I have seen breeder website/litter information emphasizing Piko Bret Bett (Rudi) where they have lines to him. I am wondering what information people have about "Rudi" beyond what I could find repeated around the different websites.

What I could find is this:
*VELMI DOBRY - 5VQ1/P* (Very Good - what is 5VQ1/P)?? 
PIKO is a large, strong dark sable male with strong bones and strong head, self-confident in any situation. He has strong ball and prey drives, at the same time he's naturally sharp,capable of immediate biting.

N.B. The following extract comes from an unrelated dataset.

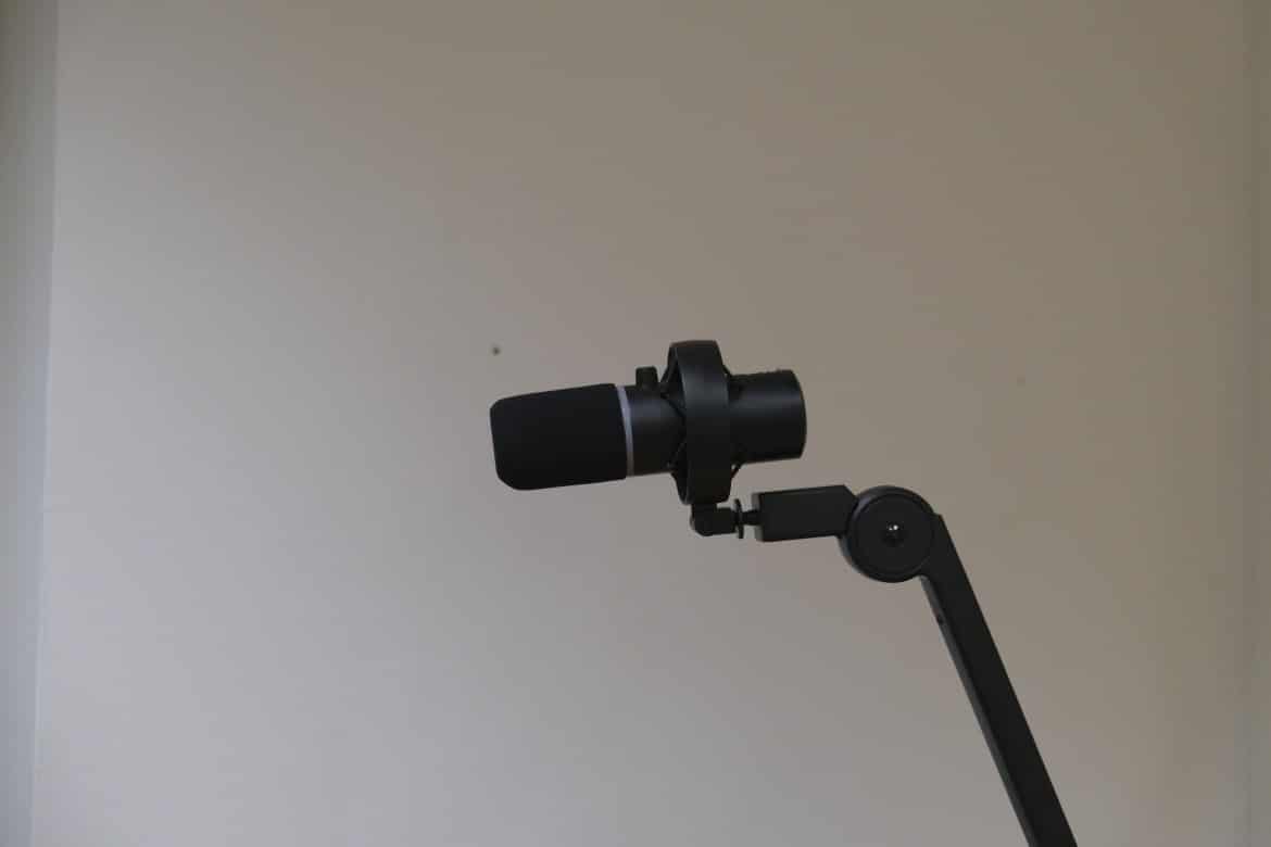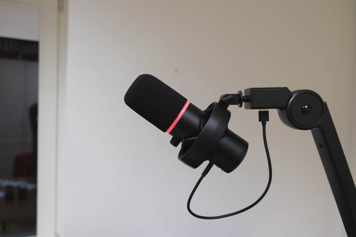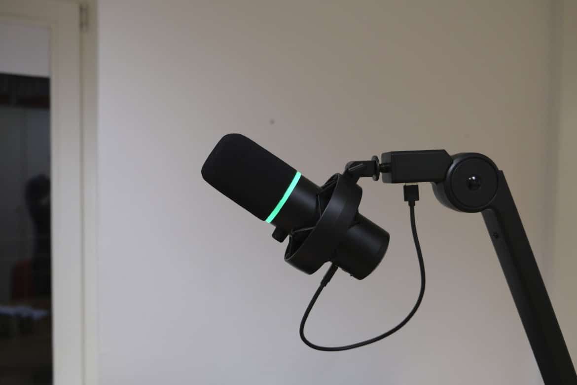 Danach wird der Mikrofonarm mithilfe des Stifts an der Unterseite in die Halterung eingesetzt und durch die Feststellschraube sicher in Position gebracht. Danach muss dann nur noch das Mikrofon an das obere Ende des Arms geschraubt und mithilfe des USB-A-auf-USB-C-Kabels mit dem Mikrofonarm verbunden werden. Hierfür stehen ganze zwei USB-A-Ports zur Verfügung. Nun gilt es nur noch, den Arm mithilfe der drei Feststellschrauben optimal auszurichten und die Konstruktion via USB-A mit PC, Notebook oder anderen Audioquellen zu verbinden.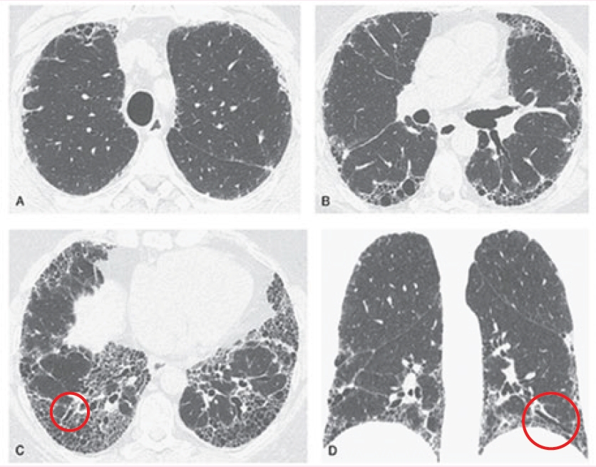 典型的UIP之HRCT影像(A-C為橫切面,D為重組冠狀面),顯示雙側肺部出現網狀結構和肋膜下蜂窩狀變化(肺纖維化的表現),且呈現顱尾分布,主要分布於外圍及基底部。雙下肺葉可見牽引性支氣管擴張(紅圈處)。High-Resolution CT of the Lung (2021)

PIKO is an easily trainable dog which is proven by the number of titles he's completed.

In my pups pedigree, Piko was bred to Java Neresnicka dolina and does anybody have input on this particular pairing?

Thanks, I am trying to learn more about the dogs in Minka's pedigree and I hope I can understand/recognize how these lines might express themselves in her.


----------



## horsegirl (Aug 11, 2010)

sorry I can't help , but Piko is gorgeous!!!!!


----------



## GSDElsa (Jul 22, 2009)

The only dog I know in either pedigree is Cordon An Sat (but I'm clueless about Czech and Slovac(?) lines.

I can't offer info for you, but I'm just post for a bump that maybe Cliff will see since he's the resident East Bloc man


----------



## cliffson1 (Sep 2, 2006)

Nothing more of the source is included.